Oui, la mort peut féconder la vie tout comme les « autres » semblent rendre possible, à tout prendre, les conditions de mon existence. Et de ce point de vue-là, on peut effectivement dire que « l’enfer, c’est les autres ». Car l’enfer, au moins étymologiquement, contraint, par le fait d’être l’espace contenu dans le ventre de la terre, à la fixation littérale d’ici-bas, voire à l’engloutissement total selon les étages infernaux, donc protège d’une certaine manière contre l’apesanteur, contre la folie qui gonfle ses proies à l’hélium – danses macabres obligées alors dans les airs – ; protège en bref contre l’appel constant d’une mort en lévitation. Le gros poisson qui louche avait vu juste.

Hélas, je ne pus partir : un sentiment de culpabilité me retenait.

Quelques lunes plus tard – un dimanche (évidemment) – , mon père tomba à l’étage le plus bas de la prison rouge, là où ça sent la tombe.

Et bientôt, les douleurs : foudroyé, il mourut d’une cirrhose. Il avait à peine soixante ans.

Sur son lit de mort, le vieux, torse nu avec ce même pantalon gris, me regarda comme un père ayant alors conscience de s’adresser pour la dernière fois à son fils, c'est-à-dire avec une certaine bienveillance, avec une certaine solennité. J’étais presque collé à lui, l’oreille quasiment dans sa bouche. À bout de souffle qu’était l'homme, la parole lui était en effet difficile, voire impossible.

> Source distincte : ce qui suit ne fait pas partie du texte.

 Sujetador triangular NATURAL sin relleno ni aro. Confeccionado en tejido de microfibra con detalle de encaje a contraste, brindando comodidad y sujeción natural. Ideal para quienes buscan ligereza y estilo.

Arriva ce moment, ultime, où d’une voix qui préparait sa fin, il susurra longuement, lentement : « Adrien, mon fils, je ne t’aurai jamais compris. Voilà pourquoi... je ne te voyais pas, je crois, mais je t’aurai toujours aimé, ça j'en suis sûr ». Un long râle l’interrompit. Malgré l'épuisement, sa voix poursuivit : « Je ne suis pas comme toi, c'est évident, mais sache que je suis fier de toi, même si c’est p'têtre la première fois, je crois, que je te le dis. Les paupières se ferment, mais la bouche elle, encore, persiste à s’ouvrir jusqu’à la fin : « Sache... que notre voyage à vélo (il était donc réel, me disais-je rassuré) ah ! s’exclama-t-il à travers un dernier sourire, ce voyage oui, Adrien, aura été le plus beau de ma vie ! ».

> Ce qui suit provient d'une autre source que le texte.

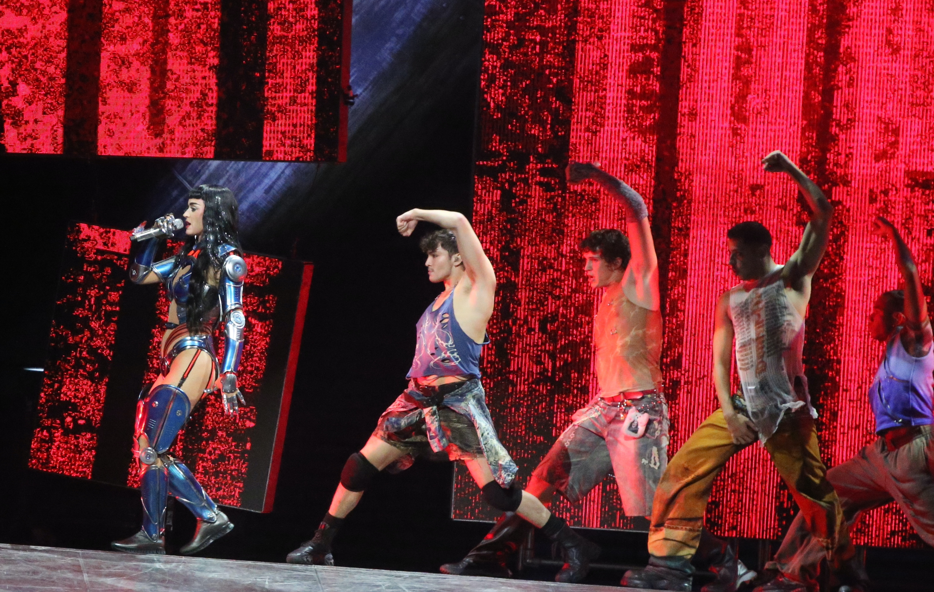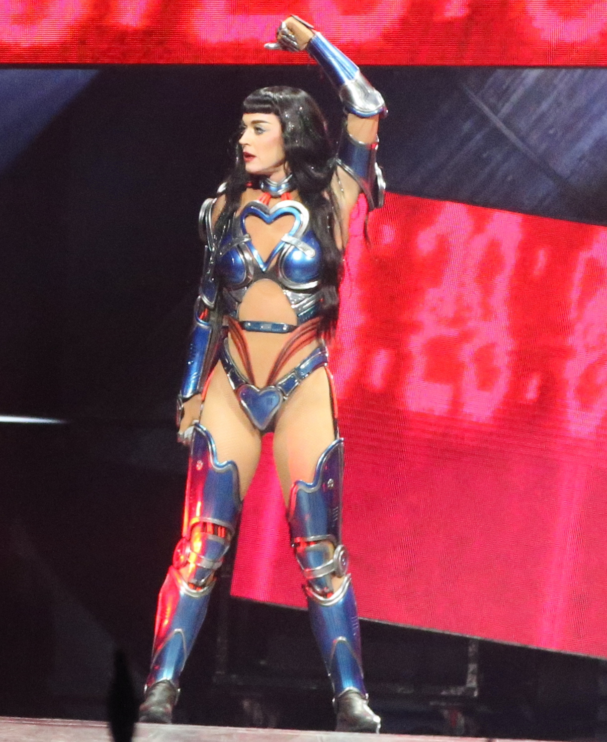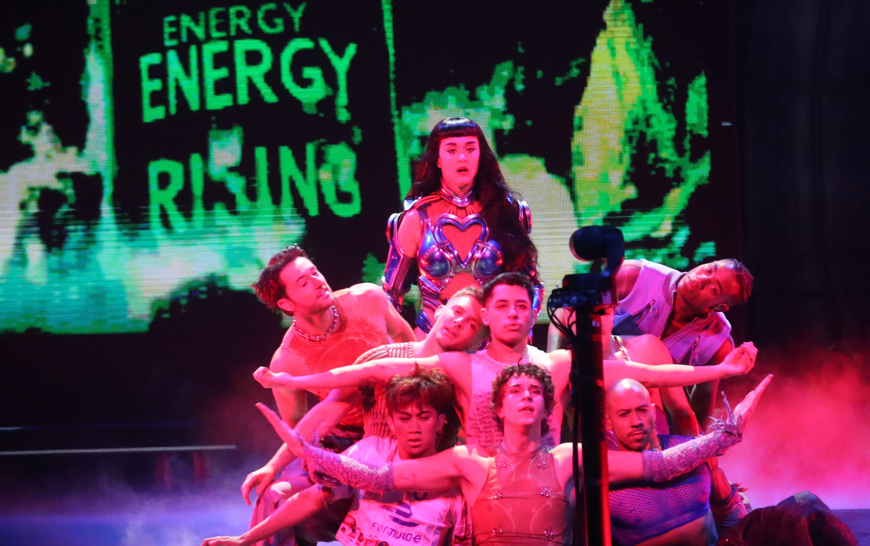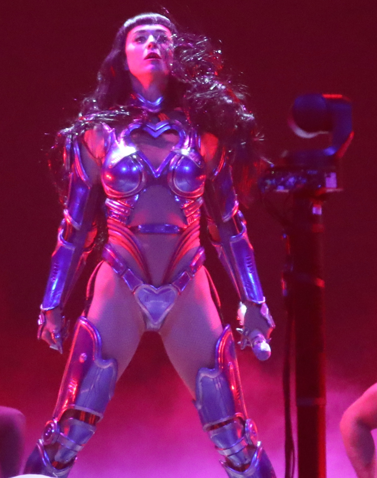 En combi métallique, Katy Perry transforme la scène en champ de bataille intergalactique, micro en main et regard de cyborg conquérante. Chaque note semble fondre le public dans un bain de néon rose et de sueur pop.

Silence. Sifflement. Puis silence presque définitif.

Mon père me parla avec un accent de tendresse que je lui découvris pour la première fois. Et ce fut lorsque sa main mobilisa toute l’énergie (dont on devine que l’homme dépositaire de la source aura été, de sa première minute jusqu’à la dernière, bien bâti, costaud jusqu’à la fin) que je me mis à pleurer, beaucoup pleurer.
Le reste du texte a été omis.